Diocese do Porto evoca D. António, o bispo que enfrentou Salazar

Diocese do Porto evoca D. António, o bispo que enfrentou Salazar

A Diocese do Porto e a Fundação Spes iniciam hoje, no Porto, as comemorações do centenário do nascimento de D. António Ferreira Gomes, bispo que enfrentou Salazar e esteve, por isso, 10 anos exilado em vários países europeus.

Agência LUSA /

Para começar a assinalar o centésimo aniversário de D. António Ferreira Gomes - que ocorre em 10 de Maio de 2006 - a Diocese do Porto descerra uma placa memorial e vai transferir a estátua do bispo, agora situada junto à Torre dos Clérigos, para um local com mais visibilidade.

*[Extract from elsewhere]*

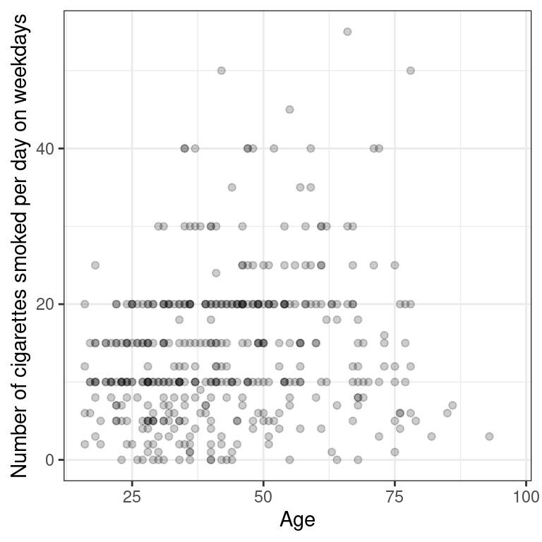 labs(x = "Age", y = "Number of cigarettes smoked per day on weekdays")Warning: Removed 1270 rows containing missing values (geom_point).

As comemorações do centenário do bispo que enfrentou Salazar, que têm também o apoio da Fundação Engenheiro António de Almeida e do Instituto Cultural D. António Ferreira Gomes, vão prolongar-se por um ano.

A estátua de D. António tinha sido colocada, pela Sociedade Porto 2001 - Capital Europeia da Cultura, no topo da Rua da Assunção, um local pouco visível.

A mudança resulta de vários pedidos da Fundação Engenheiro António de Almeida à Câmara do Porto, que nunca concretizou a solicitação, pelo que a própria fundação assumiu recentemente as despesas da sua reinstalação.

Também hoje vai representar-se um "Jornal falado", iniciativa que a Seiva Trupe promove no Teatro Campo Alegre e que será moderada pelo bispo auxiliar de Lisboa, D. Carlos Azevedo.

Após o "Jornal falado" decorre a apresentação do espectáculo "António, Bispo do Porto", idealizado por Margarida Fonseca Santos.

D. António nasceu a 10 de Maio de 1906, em São Martinho de Milhundos, Penafiel, tendo-se doutorado em Filosofia na Universidade Gregoriana de Roma.

Foi nomeado bispo de Portalegre e depois bispo do Porto, em 1949 e 1952, respectivamente.

A 13 de Agosto de 1958, D. António escreveu uma carta a Salazar, na qual, mantendo-se fiel à doutrina da Igreja, exprimia a sua preocupação acerca de alguns aspectos negativos, do ponto de vista social, do regime de então.

Por pressão de Salazar, o bispo viu-se obrigado a optar pelo exílio em 1959, tendo passado por Espanha, Alemanha e França. Só regressou a Portugal passados 10 anos.